Vector API performance variation with arrays, byte arrays or byte buffers
Antoine Chambille
ach at activeviam.com
Wed Mar 11 09:09:18 UTC 2020
Quite interesting, thanks Paul. Clearly I've done the hard work writing
this benchmark and now all you guys have to do is fix C2 ;)
Jokes aside, I hope this gets some attention. I think the SIMD performance
boost is especially beneficial for big data processing tools like Spark,
ActiveViam, Presto, Dremio... Those technologies use off-heap memory and
will load vectors from there, more often than from primitive arrays.
Best,
-Antoine
On Tue, Mar 10, 2020 at 8:38 PM Paul Sandoz <paul.sandoz at oracle.com> wrote:
> Hi Antoine,
>
> Thank you, this is helpful.
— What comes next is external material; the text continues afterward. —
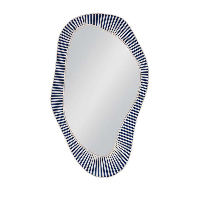 This mirror adds a whimsical, artistic feel to any front entryway, accent wall, or home office. Not only does the frame ebb and flow organically around the perimeter of the mirror, it also features an array of dynamic stripes bursting outward. The frame is formed by alternating colors of bone tile, introducing a mosaic of visual interest. Install as a bold accent to add spice to a room that contains more calm, neutral furniture and décor. With full-length height and width, this mirror demonstrates that it is as functional as it is beautiful.
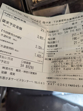 水道代は変わらず平和ですよね安いし安全な横浜です☆

I can reproduce similar results.n Some
> initial thoughts follow, its likely we need a C2 expert to help identify
> problem areas and fixes.
>
> The hotspots of generated assembler from C2 is very insightful in these
> cases (in this case using the dtrace asm profiler on the Mac).
>
> For vectorArrayArray the hot loop is unrolled and one can clearly identify
> the repeated and vectorized mov, add, mov triple representing output[I] +=
> input[I].
>
> Here’s a sinppet (formatting might get messed up, reformat as a fixed with
> font for clarity)
>
> 3.10% │ ↗ 0x0000000110d93690: vmovdqu 0x10(%r14,%rsi,8),%ymm0
> 2.11% │ │ 0x0000000110d93697: vaddpd 0x10(%rax,%rsi,8),%ymm0,%ymm0
> 6.30% │ │ 0x0000000110d9369d: vmovdqu %ymm0,0x10(%r14,%rsi,8)
> 10.63% │ │ 0x0000000110d936a4: vmovdqu 0x30(%rax,%rsi,8),%ymm0
> 6.90% │ │ 0x0000000110d936aa: mov %esi,%ebp
> 3.80% │ │ 0x0000000110d936ac: add $0x4,%ebp
> 1.85% │ │ 0x0000000110d936af: cmp %r10d,%ebp
> │╭ │ 0x0000000110d936b2: jae 0x0000000110d9374d
> 3.14% ││ │ 0x0000000110d936b8: vaddpd 0x30(%r14,%rsi,8),%ymm0,%ymm0
> 10.13% ││ │ 0x0000000110d936bf: vmovdqu %ymm0,0x30(%r14,%rsi,8)
> 5.25% ││ │ 0x0000000110d936c6: vmovdqu 0x50(%rax,%rsi,8),%ymm0
> 2.28% ││ │ 0x0000000110d936cc: mov %esi,%ebp
> 1.51% ││ │ 0x0000000110d936ce: add $0x8,%ebp
> 1.68% ││ │ 0x0000000110d936d1: cmp %r10d,%ebp
> ││╭ │ 0x0000000110d936d4: jae 0x0000000110d9374d
> …
>
> There are also unnecessary bound checks “droppings” that we are aware of
> and C2 needs to be enhanced to avoid such generation. Avoiding bounds
> checks gives the ideal hot loop we want:
>
> 0.78% │ ↗││ 0x000000010d501e70: vmovdqu 0x10(%rsi,%r9,8),%ymm0
> 0.26% │ │││ 0x000000010d501e77: vaddpd 0x10(%rax,%r9,8),%ymm0,%ymm0
> 8.28% │ │││ 0x000000010d501e7e: vmovdqu %ymm0,0x10(%rsi,%r9,8)
> 2.43% │ │││ 0x000000010d501e85: vmovdqu 0x30(%rsi,%r9,8),%ymm0
> 0.04% │ │││ 0x000000010d501e8c: vaddpd 0x30(%rax,%r9,8),%ymm0,%ymm0
> 5.64% │ │││ 0x000000010d501e93: vmovdqu %ymm0,0x30(%rsi,%r9,8)
> 3.15% │ │││ 0x000000010d501e9a: vmovdqu 0x50(%rsi,%r9,8),%ymm0
> 0.05% │ │││ 0x000000010d501ea1: vaddpd 0x50(%rax,%r9,8),%ymm0,%ymm0
> 4.85% │ │││ 0x000000010d501ea8: vmovdqu %ymm0,0x50(%rsi,%r9,8)
> 3.72% │ │││ 0x000000010d501eaf: vmovdqu 0x70(%rsi,%r9,8),%ymm0
> 0.03% │ │││ 0x000000010d501eb6: vaddpd 0x70(%rax,%r9,8),%ymm0,%ymm0
> 4.36% │ │││ 0x000000010d501ebd: vmovdqu %ymm0,0x70(%rsi,%r9,8)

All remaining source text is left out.